Experience has shown us that a company's stock price does not always reflect its real value. This is particularly true during economic downturns and during periods of excessive market hype. At Leith Wheeler we thoroughly evaluate each company before investing and we are guided by rational business principles, not speculation or market sentiment.
Our understanding of the discrepancy between price and value has allowed us to take advantage of some excellent investment opportunities for our clients over time. Attempting to purchase stocks that are undervalued does not mean our portfolios carry excessive risk. On the contrary, our portfolios tend to hold companies with solid balance sheets and quality management, which are trading at a lower price, relative to earnings, than the market. Companies can become undervalued when there is a lack of investor awareness; when an entire industry is out of favour with investors; or when a company experiences a short-term difficulty which, following careful analysis, we believe can be overcome.

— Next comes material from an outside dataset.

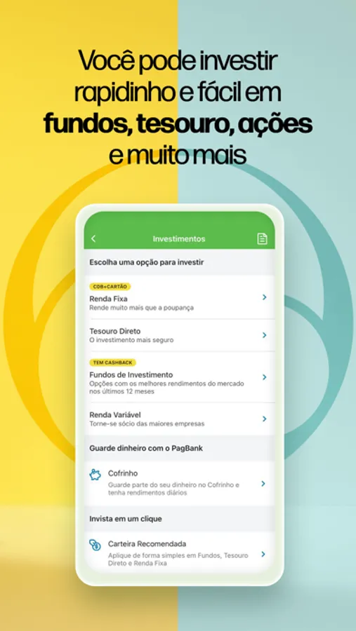 Invista em CDBs que rendem mais que o dobro da poupança e com liquidez diária, tesouro direto, fundos de investimentos com cashback, ações e muito mais no app.
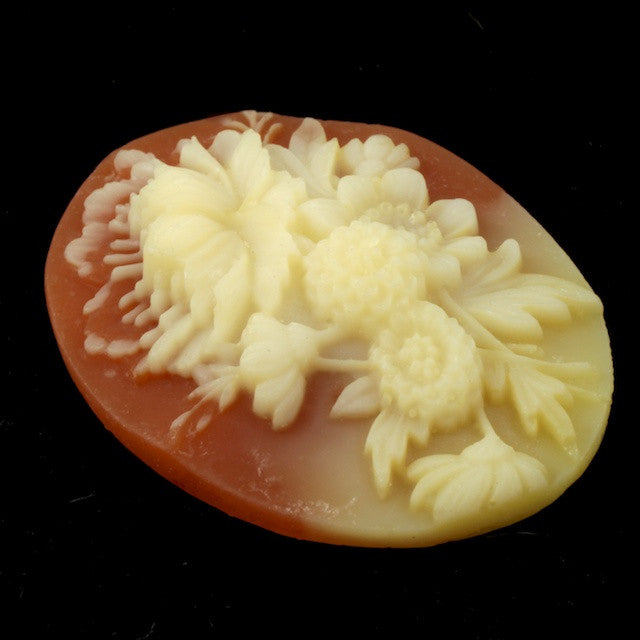30mm x 40mm light salmon and eggshell detail flower cameo. Flat back.

As value-investors we invest with a long-term view. Rather than trying to predict short-term fluctuations in a company's share price, we focus on determining the inherent value of each company. Our test for value is viewing any investment we make as if we were buying the whole business. The question becomes: "What price per share, if we were buying the whole business, is the company really worth?"
Our commitment to the sound principles of value investing has allowed us to achieve superior long-term performance for our clients - even when markets are in decline.
Liquidity and Capital Preservation
Our fixed income strategy stresses liquidity and safety of capital by investing in high-quality notes and bonds issued by the Canadian federal and provincial governments, and by corporations. We invest in corporate bonds when there is an attractive yield advantage over federal bonds. Our fixed income portfolio normally has an average credit quality of "AA."
As in the management of our equity portfolios, we focus on the long-term outlook for interest rates, and structure our portfolios accordingly. These forecasts are reviewed in detail each quarter and adjusted should the economic outlook change.